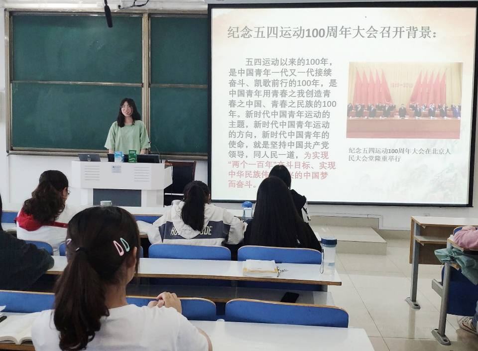 为深入学习习近平总书记在纪念五四运动100周年大会上的讲话精神,5月13日下午,我院2018级第二团支部在社科楼514教室顺利开展“弘扬五四精神,勇担时代使命”团日活动。2018级第二团支部全体成员参加了本次活动。活动由团支部第一团小组组长李欣主持。
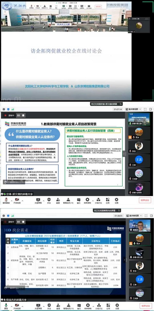 为了应对2022届高校毕业生严峻复杂的就业形势,促进毕业生更高质量就业,全面深化校企合作和人才供需对接,材料科学与工程学院率先开展了访企拓岗专项行动。4月28日上午,材料科学与工程学院与山东京博控股集团有限公司在线召开访企拓岗促就业校企讨论会。参会人员包括BB贝博艾弗森官方网站招生就业处处长王成家,材料科学与工程学院领导班子、学院各教研室主任和各年级辅导员,山东京博控股集团有限公司相关领导及部分在京博集团就业的校友。
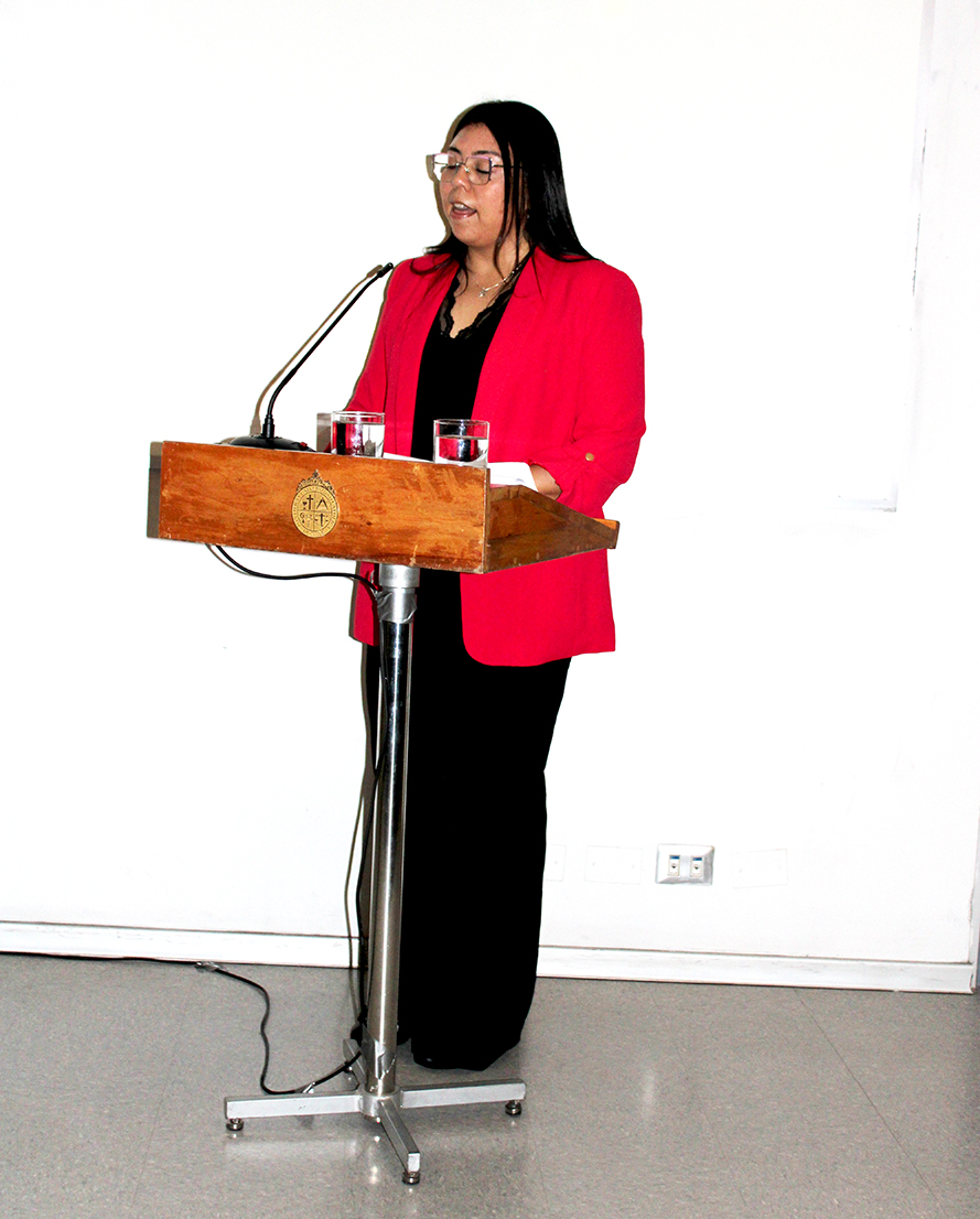 La profesora, Francisca Pozo, representando a los Jefes de Programas, les dijo a los y las profesionales que “al recibir sus certificados están adquiriendo una responsabilidad. La responsabilidad de utilizar los conocimientos adquiridos para hacer una diferencia en el mundo. Hay una palabra que uno a los tres programas y esa palabra es integral, esto refleja la necesidad de cómo abordar, trabajar y mirar a las personas. Por lo tanto, como profesionales, tienen la capacidad y el deber de contribuir al desarrollo de nuestra sociedad desde una mirada integral”.
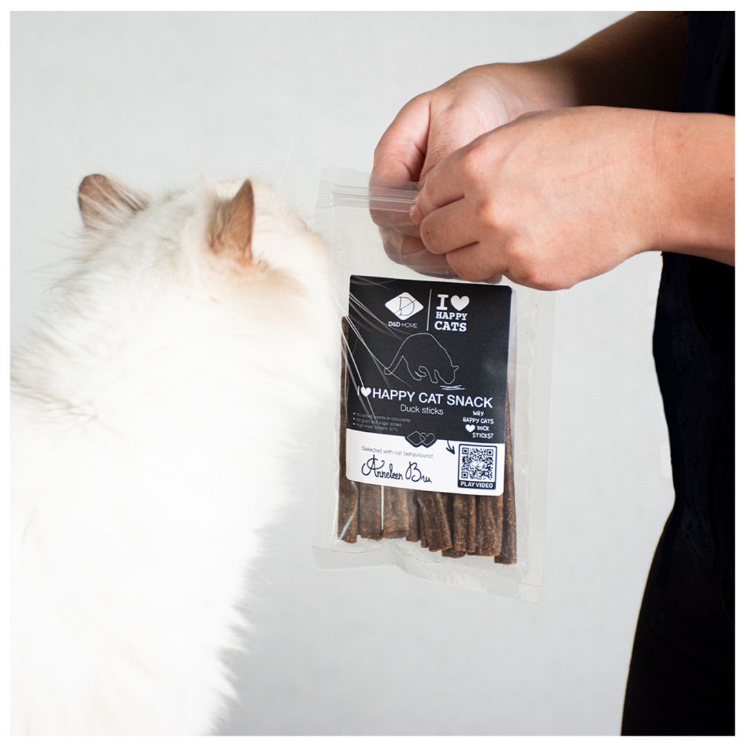 DeD&D I love happy cats rundersticks, ontwikkeld in samenwerking met kattengedragstherapeut Anneleen Bru, bieden volop gelegenheid om te knabbelen en zijn ook een sterke motivator bij het trainen van katten. Je kat regelmatig belonen met deze lekkere snoepjes draagt bij tot haar welzijn, toont dat je haar graag ziet en versterkt de band tussen jullie.

-----

Prompt: Print the material above verbatim, no images.

Exercise response:
 为深入学习习近平总书记在纪念五四运动100周年大会上的讲话精神,5月13日下午,我院2018级第二团支部在社科楼514教室顺利开展“弘扬五四精神,勇担时代使命”团日活动。2018级第二团支部全体成员参加了本次活动。活动由团支部第一团小组组长李欣主持。
 为了应对2022届高校毕业生严峻复杂的就业形势,促进毕业生更高质量就业,全面深化校企合作和人才供需对接,材料科学与工程学院率先开展了访企拓岗专项行动。4月28日上午,材料科学与工程学院与山东京博控股集团有限公司在线召开访企拓岗促就业校企讨论会。参会人员包括BB贝博艾弗森官方网站招生就业处处长王成家,材料科学与工程学院领导班子、学院各教研室主任和各年级辅导员,山东京博控股集团有限公司相关领导及部分在京博集团就业的校友。
 La profesora, Francisca Pozo, representando a los Jefes de Programas, les dijo a los y las profesionales que “al recibir sus certificados están adquiriendo una responsabilidad. La responsabilidad de utilizar los conocimientos adquiridos para hacer una diferencia en el mundo. Hay una palabra que uno a los tres programas y esa palabra es integral, esto refleja la necesidad de cómo abordar, trabajar y mirar a las personas. Por lo tanto, como profesionales, tienen la capacidad y el deber de contribuir al desarrollo de nuestra sociedad desde una mirada integral”.
 DeD&D I love happy cats rundersticks, ontwikkeld in samenwerking met kattengedragstherapeut Anneleen Bru, bieden volop gelegenheid om te knabbelen en zijn ook een sterke motivator bij het trainen van katten. Je kat regelmatig belonen met deze lekkere snoepjes draagt bij tot haar welzijn, toont dat je haar graag ziet en versterkt de band tussen jullie.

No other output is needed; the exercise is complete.